# Exercise details:
What is the number of lines in the listing that contain "with"? Give that number only.

# Task input:

=-=-=-=-=

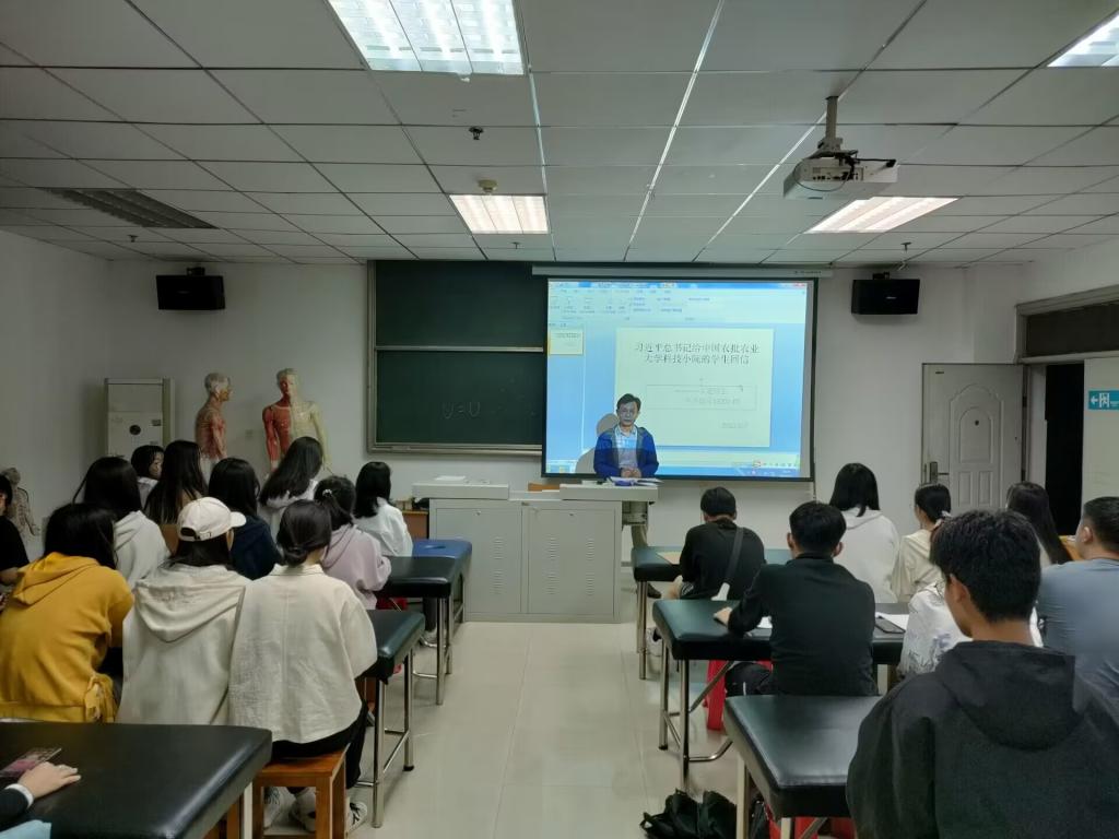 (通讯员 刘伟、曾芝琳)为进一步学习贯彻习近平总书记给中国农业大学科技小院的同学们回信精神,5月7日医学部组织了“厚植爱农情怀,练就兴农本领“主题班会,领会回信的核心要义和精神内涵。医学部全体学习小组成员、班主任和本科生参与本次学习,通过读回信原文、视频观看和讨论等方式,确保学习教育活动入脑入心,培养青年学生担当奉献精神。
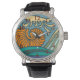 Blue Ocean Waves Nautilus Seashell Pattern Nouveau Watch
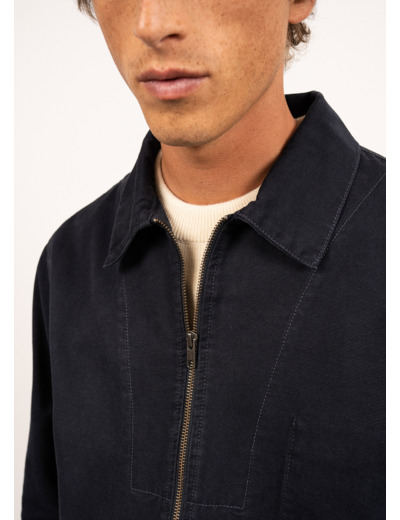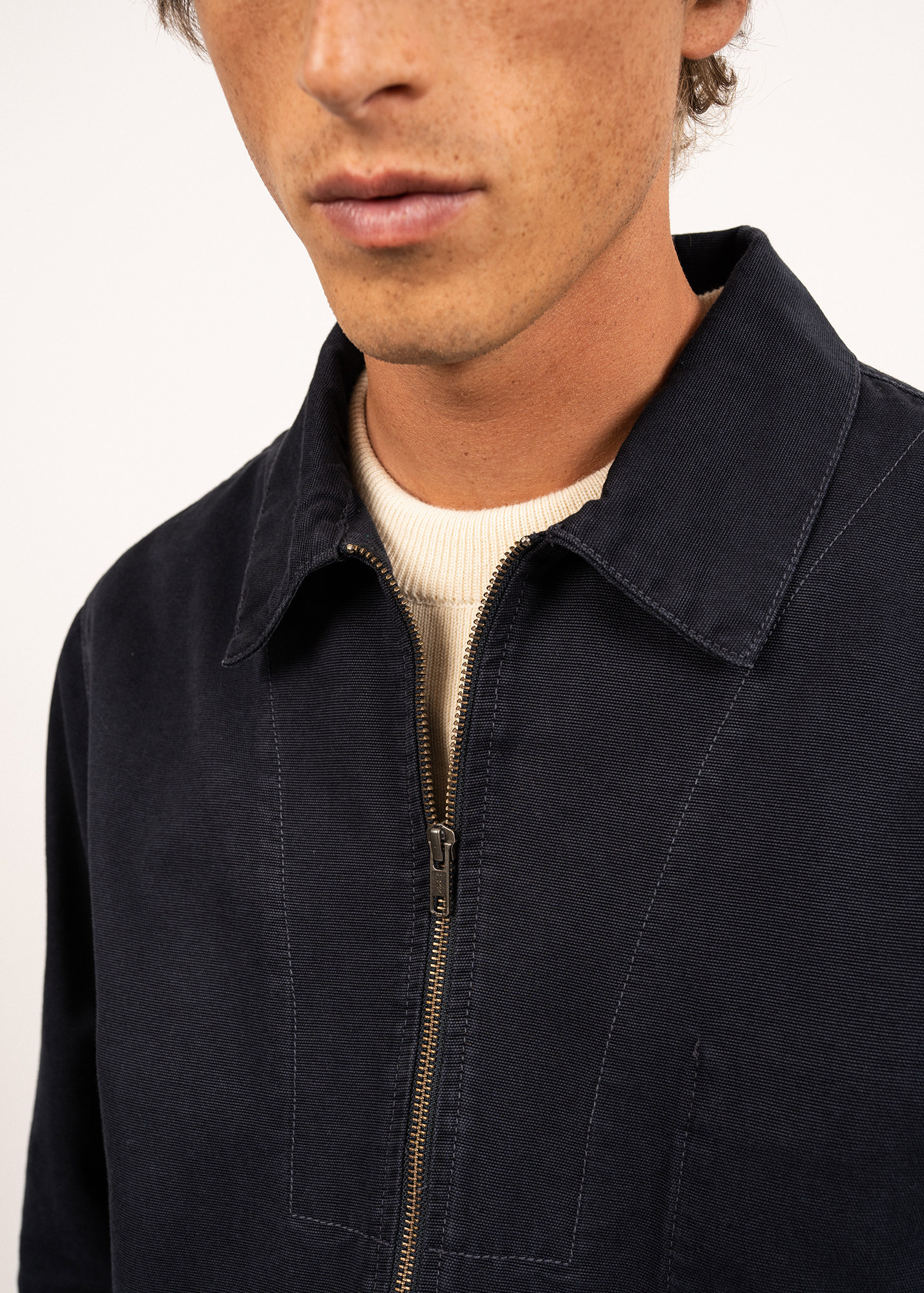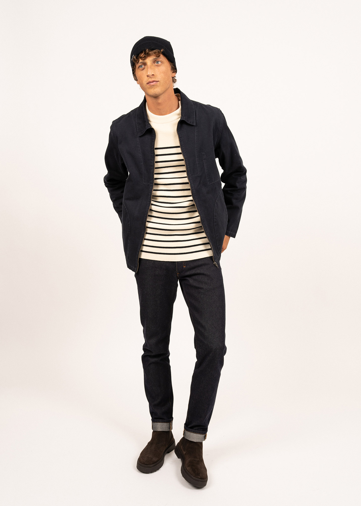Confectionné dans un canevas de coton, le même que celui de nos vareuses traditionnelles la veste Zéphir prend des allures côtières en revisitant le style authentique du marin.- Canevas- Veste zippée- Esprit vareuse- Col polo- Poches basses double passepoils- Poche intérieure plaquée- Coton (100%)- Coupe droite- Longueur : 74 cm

=-=-=-=-=

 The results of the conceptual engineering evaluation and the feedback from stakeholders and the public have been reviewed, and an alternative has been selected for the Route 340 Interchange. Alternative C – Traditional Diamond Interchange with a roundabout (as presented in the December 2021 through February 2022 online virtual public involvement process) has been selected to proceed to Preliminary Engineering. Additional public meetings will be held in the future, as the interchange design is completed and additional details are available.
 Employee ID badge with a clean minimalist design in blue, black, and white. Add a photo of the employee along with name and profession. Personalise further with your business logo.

=-=-=-=-=

# Task result:
2